Viral model used: Hospitalized patients with confirmed or assumed COVID-19 infection (ICU- & non-ICU patients)

Translatability: Yes, although there is limited discussion of the translatability in the discussion, it is expected that as some of the proteins identified as biomarkers of severe COVID-19 are detectable by commercial ELISAs, this could relatively easily be translated to clinical testing.

Supports trials of anti-IL-6 receptor antibodies and IL-1 receptor antagonist in treating COVID-19 and inhibiting the kinin-kallikrein system might serve as another potential treatment for severe-stage COVID-19 patients.

Main limitations:

1. The study is reported a multicentre study, but recruitment appears to have been performed in a single centre.

2. COVID-19 confirmation was based on 1) detection of SARS-CoV-2 or 2) presumed infection due to symptoms, signs and tomography scans. The latter is reasonable, but it would have been useful to report the definition for tomography confirmation.

3. The proteomics analysis is targeted, rather than unbiased/ discovery, limiting the number of potential biomarkers to the ELISA/ Olink panels available.

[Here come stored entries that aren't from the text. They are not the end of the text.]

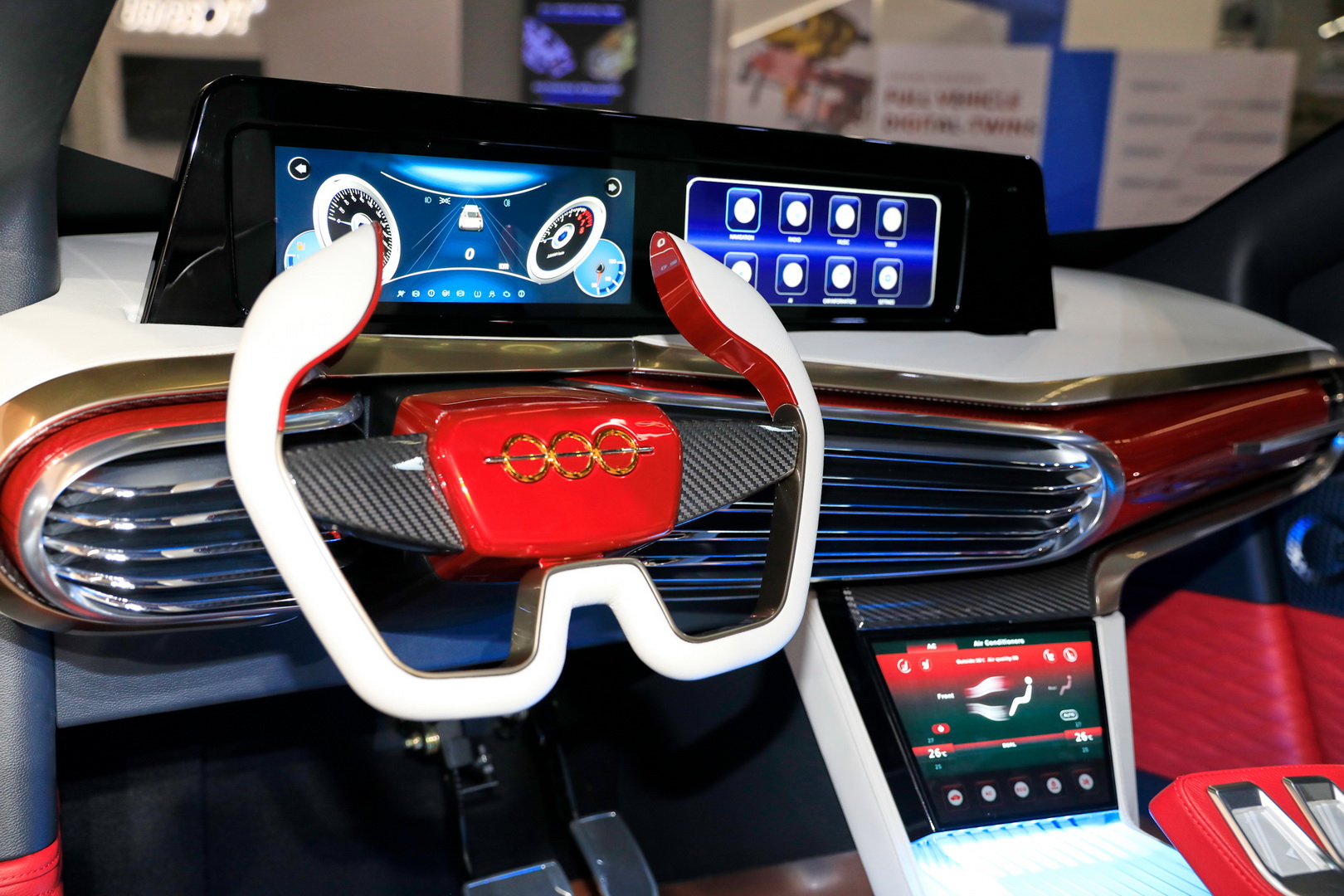 Having a dual-screen setup in the cabin, for the digital instrument cluster and infotainment system, would have normally been the major eye catcher. However, in an attempt to shock, they went for a weird mix of red, white, gold and chrome, mixed together with blue ambient lighting and sprinkled with wood and carbon fiber-like trim. It takes a while to spot other main features, like the third screen used to control the HVAC or four-seat layout.
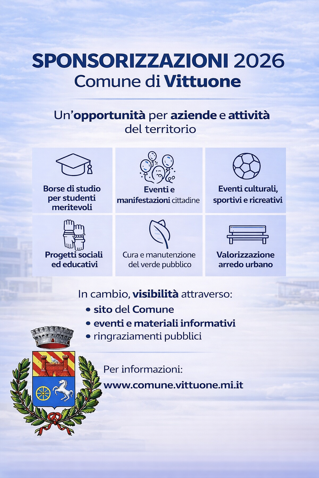 Il Comune di Vittuone invita imprese, attività economiche, associazioni e realtà del territorio a collaborare alla realizzazione delle iniziative previste nel Piano delle Sponsorizzazioni 2026, contribuendo allo sviluppo culturale, sociale e comunitario del paese.
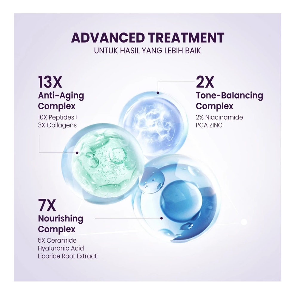 Tidak hanya itu, serum ini juga diperkaya dengan 2% Niacinamide, yang berperan penting dalam mencerahkan kulit, mengurangi noda hitam, dan meratakan warna kulit. Niacinamide juga membantu mengontrol minyak berlebih dan menjaga kekenyalan kulit. Ditambah lagi, kehadiran 10X Peptides dalam formulanya mendukung pembaruan kulit dan membantu mengembalikan elastisitasnya, menjadikan kulit terasa lebih kencang dan tampak lebih muda. Beberapa sumber juga menyebutkan adanya 3X Collagen dan 7X Repair Moisture Complex yang turut menjaga kelembapan serta memperkuat skin barrier.
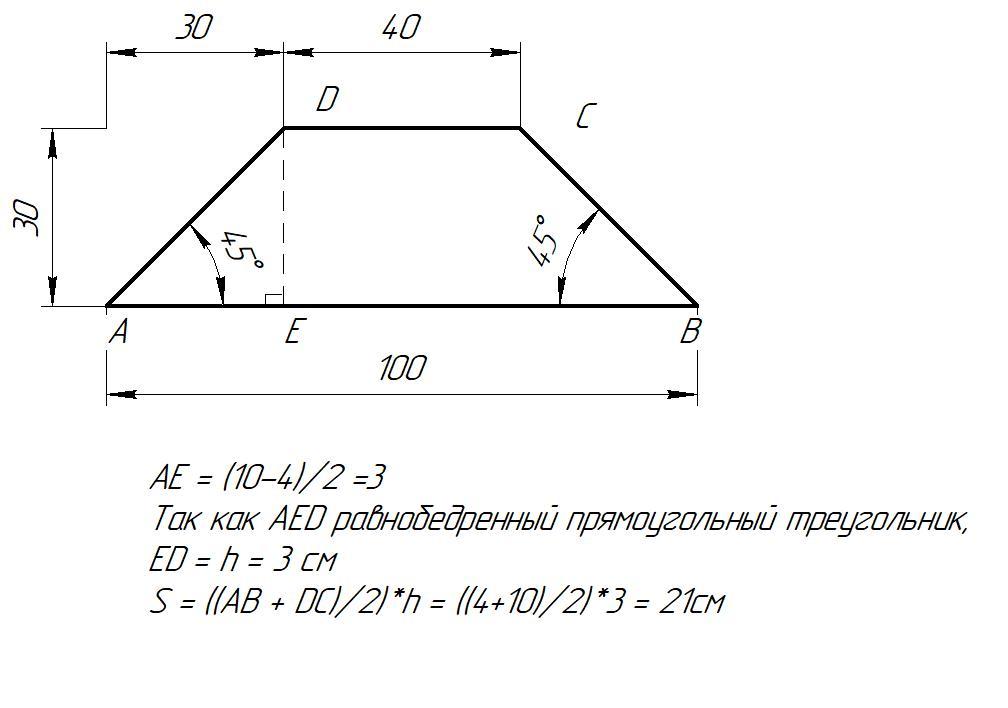 Найдите площадь равнобедренной трапеции, если ее основания равны 4 см и 10 см , а острый угол 45◦.
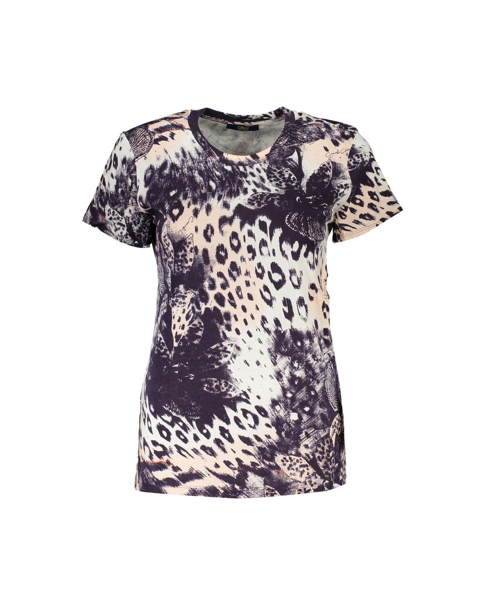 This women’s cotton T-shirt features a vibrant eye-catching pattern and a bold logo print, making it a stylish addition to any wardrobe. Designed with short sleeves and a wide neckline, it offers both comfort and a fashionable look. Crafted from high-quality cotton with a touch of elastane, it provides a comfortable fit for everyday wear.
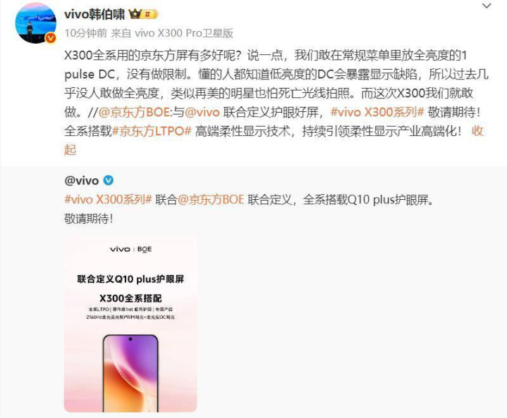 继近日,@vivo 官宣称,vivo X300系列被指定成为谢霆锋「进化」演唱会广州站的演唱会神器之后,日前,官方再次发布了该系列新机屏幕方面的预热海报,据官宣称,“#vivo X300系列# 联合@京东方BOE 联合定义,全系搭载Q10 plus护眼屏。敬请期待! ”同时,@京东方BOE 也表示,“与@vivo 联合定义护眼好屏,#vivo X300系列# 敬请期待! 全系搭载#京东方LTPO# 高端柔性显示技术,持续引领柔性显示产业高端化!”
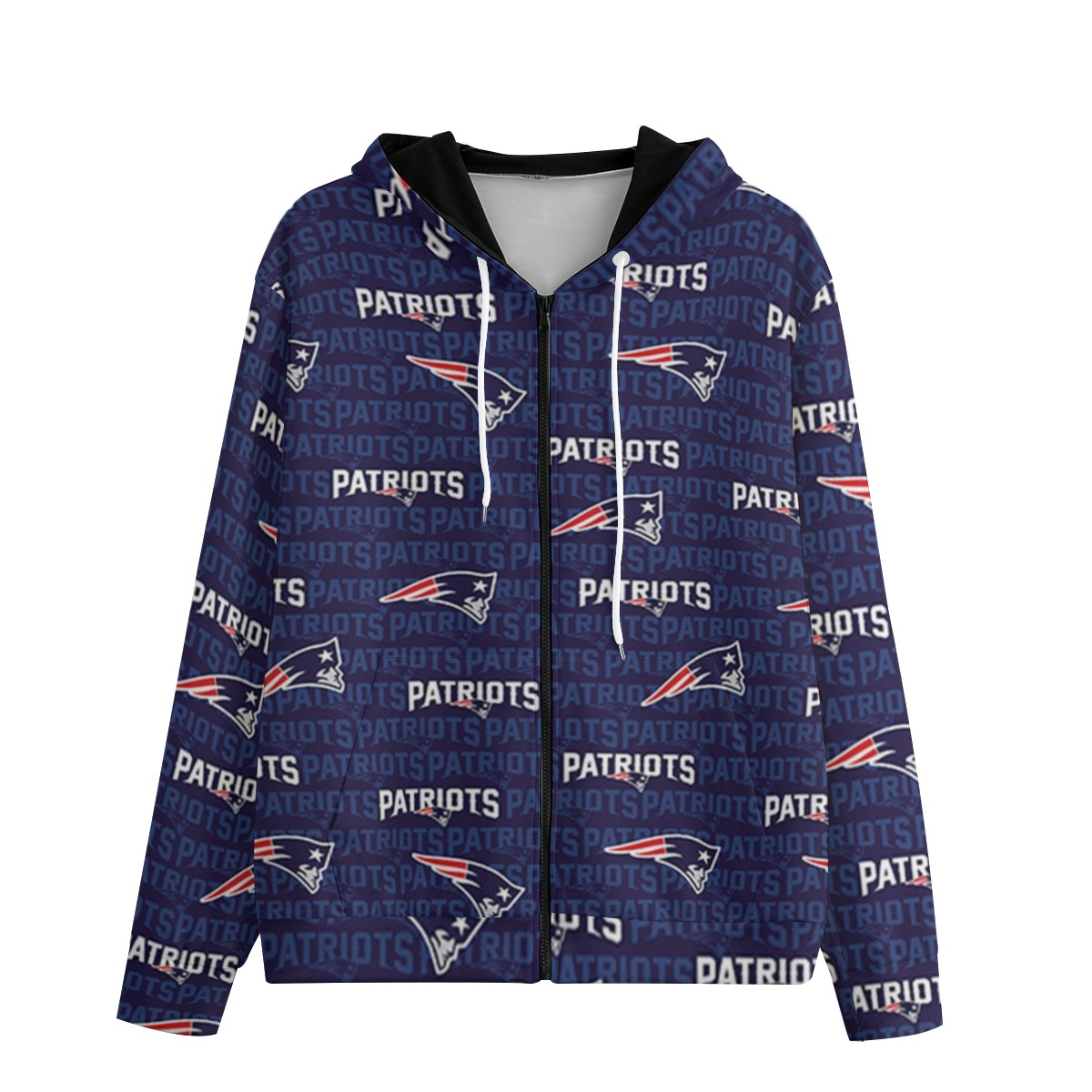 New England Patriots All-Over Print Unisex Zipper Hoodie With Black Lining

4. The controls are reasonable, although the demographics are not reported to assess the comparability. It would have been better to have included controls sampled from the same hospital in the same way, at the same time, ideally to have included patients with suspected COVID-19 that were not COVID-19 positive.

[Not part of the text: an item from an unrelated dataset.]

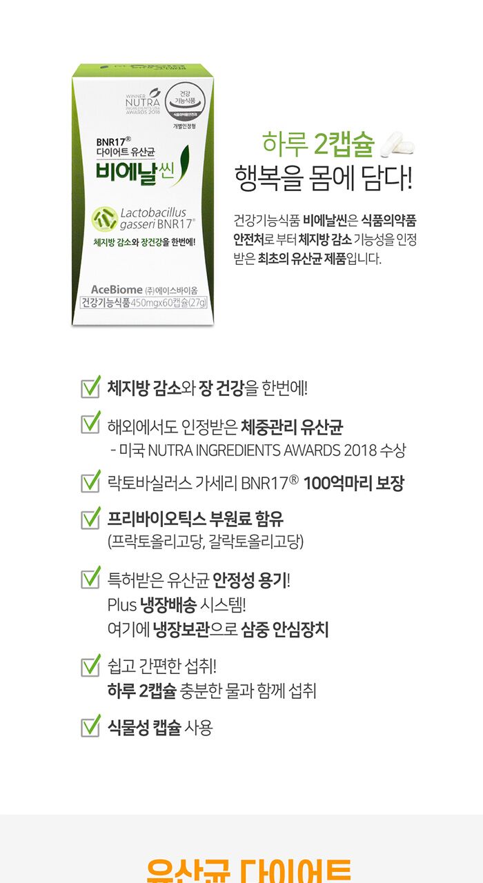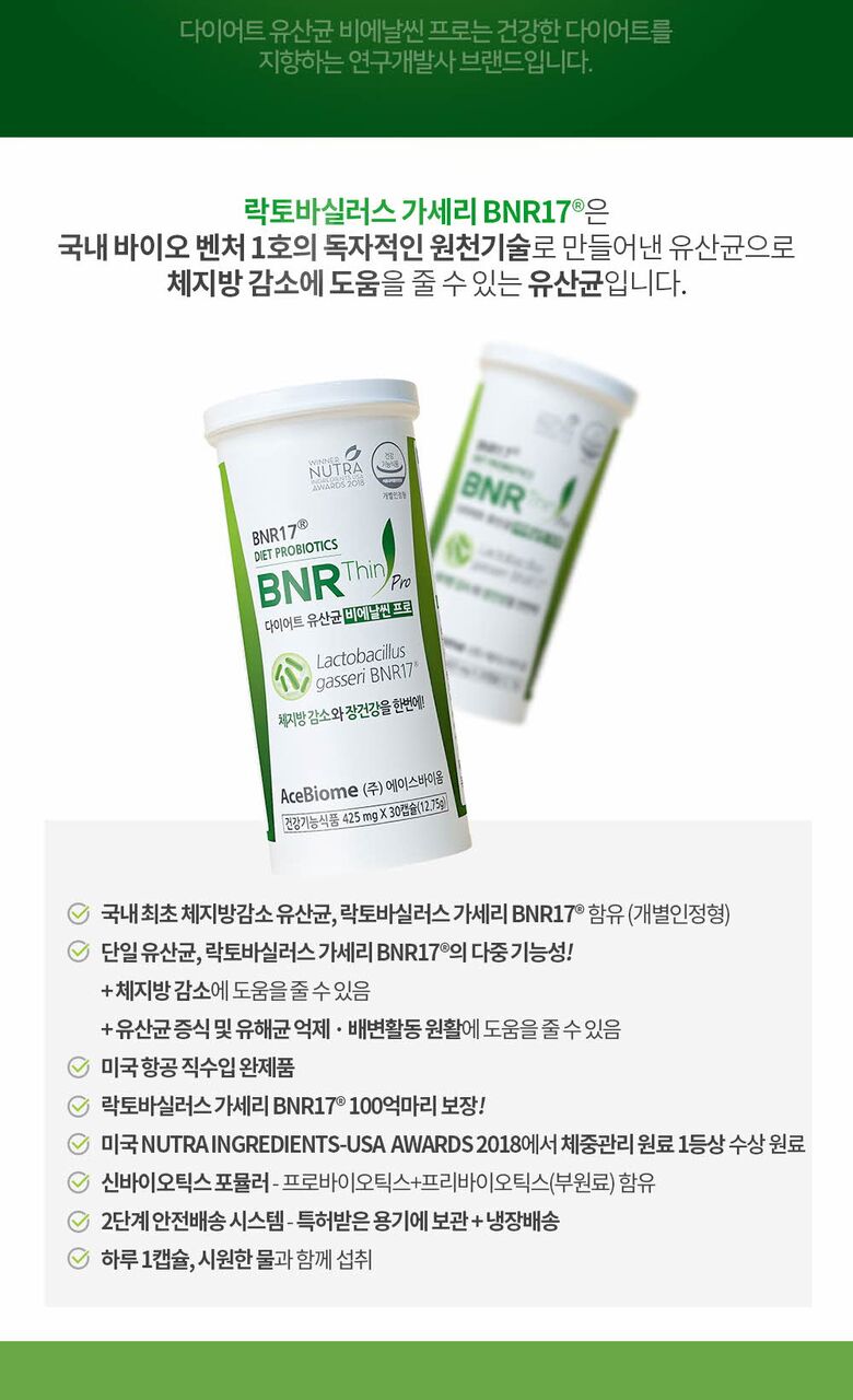 BNR17은 Lactobacillus gasseri BNR17 균주를 포함한 다이어트 유산균이에요. 이 제품은 체중 관리와 장 건강에 도움을 주는 것으로 알려져 있어요. 특히, 2018년 Nutra Ingredients Awards에서 수상한 이력이 있어요. 이 제품은 안전한 프로바이오틱스 안정화 기술을 사용하여, 하루에 두 캡슐만 섭취하면 된답니다.

5. It is reported that blood samples were taken frequently during the admission, but unclear which samples were used for the proteomic analysis. This is very important for the translatability of the results.

6. Statistical analysis comments as above.

7. Study searches for immune endotypes but biomarkers with detection in <80% of samples were excluded for proteomic analysis possible omitting smaller groups of immune endotypes.